Show Report
Deacon latched on to the silvery, shiny metallic mood that has run like a thread of mercury through the season. Of course, he pushed it further.
Cecil Beaton, Andy Warhol, Leda and the Swan and Nudie's Rodeo Couture. Of all the inventive, eclectic designers working in London, Giles Deacon's reference-points are always the most esoteric. Maybe it's because his aesthetic is so well honed that he can roam far and wide for his inspiration. Whatever Deacon looks at, on his catwalk it always becomes Giles.
For spring, Deacon latched on to the silvery, shiny metallic mood that has run like a thread of mercury through the season. Of course, he pushed it further - witness the bacofoil Factory backdrop to his collection, and the first half-dozen looks in Ziggy Stardust silver leather. Deacon's SHOWstudio residency back in July inspired those, he said, starting him off looking at Nudie's dazzling cowboy suits, Warhol Superstars and the idea of smoke and mirrors. That symphony in silver lead him to Cecil Beaton, and his Surrealist portraits of his photogenic debutante siblings Nancy and Baba. Then there were John Maybury's shots of Leigh Bowery in a silver mask that Deacon remembered admiring in his teenage years - and so a collection was born.
What it boiled down to were more of Deacon's greatest hits - neat suiting, pretty prints and a few overblown, editorial-ready ball-gowns for good measure. That's not to denigrate those signatures. The print was an abstract rendering of swans swooping across fitted frocks and wide trousers, the suiting came in black, red and Persil white, trousers elongated to infinity over towering platforms. Those diva dresses, meanwhile, were exquisite, laser-cut duchesse satin imitating lace, encrusted with crystals and feathers and sweeping as regally as any of Beaton's iconic royal portraits.

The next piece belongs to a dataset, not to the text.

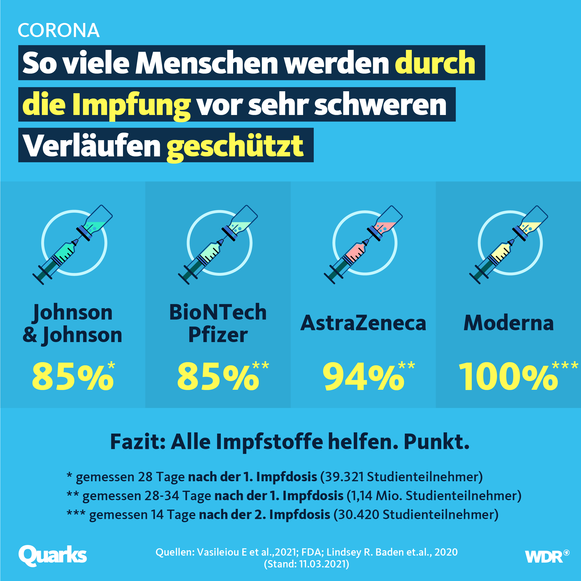 Also wenn ich die Wahl habe zwischen 50-70% Schutz vor leichten Symptomen und dafür in 6 Wochen wieder alle Freiheiten gegenüber 80-90% Schutz vor leichten Symptomen und dafür erst in 14 Wochen wieder alle Freiheiten, würde meine ganz persönliche Entscheidung da eindeutig ausfallen, solange der Schutz vor einer schweren Erkrankung unverändert hoch ist. Aber das muss natürlich jeder für sich entscheiden.

The Surrealism of Beaton was best evoked by the spectacular Stephen Jones headpieces, a trio of masks exploding into life-sized swans in black, red and white with fluttery ostrich-wings and diamante beaks. There was a bit of Warhol in them too - you could just imagine Candy Darling strutting around the back room of Max's Kansas City, make-up melting down her face under her swan atop a feather-trimmed Giles' hostess gown. Giles loves a touch of divine decadence, especially if it borders on camp excess. 'Borders' is the wrong word - this collection teetered precariously on the brink of terribly bad taste, but Giles' balancing-act paid off.